[Numpy-discussion] Record arrays

Fri Jun 27 01:10:18 EDT 2008

On Thu, Jun 26, 2008 at 1:25 PM, Robert Kern <robert.kern at gmail.com> wrote:

> One downside of this is that the attribute access feature slows down
> all field accesses, even the r['foo'] form, because it sticks a bunch
> of pure Python code in the middle. Much code won't notice this, but if
> you end up having to iterate over an array of records (as I have),
> this will be a hotspot for you.

I wonder if it wouldn't be useful for *all* numpy arrays to have a .f
attribute that would provide attribute access to fields for complex
dtypes:

In [13]: r['foo']
Out[13]: array([1, 1, 1])

In [14]: r.f.foo
-> Hypothetically, same as [13] above

This object would be in general an empty namespace, thus avoiding the
potential for collisions that recarrays have, could normalize field
names to be valid python identifiers (spaces to _, etc) and could
provide name TAB completion.
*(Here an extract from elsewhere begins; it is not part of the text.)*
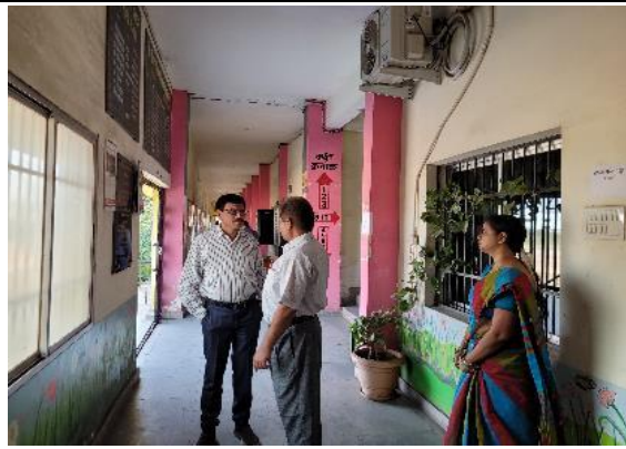
Government Higher Secondary School, Goganv

Since the .f object would be a *separate*
object, the main array wouldn't need to have complex python code in
the fast path and there would be no speed penalty for other uses of
the top level object.

I've never quite liked recarrays because of the fact that they blend
the named fields with the main namespace, and because they don't tab
complete.  I'd happily pay the price of accessing a sub-object for a
cleaner and more useful access to fields (I could always do xf=x.f if
I am really going to use the field object a lot).

Just an idea, perhaps it's already been shut down in the past.

Cheers,

f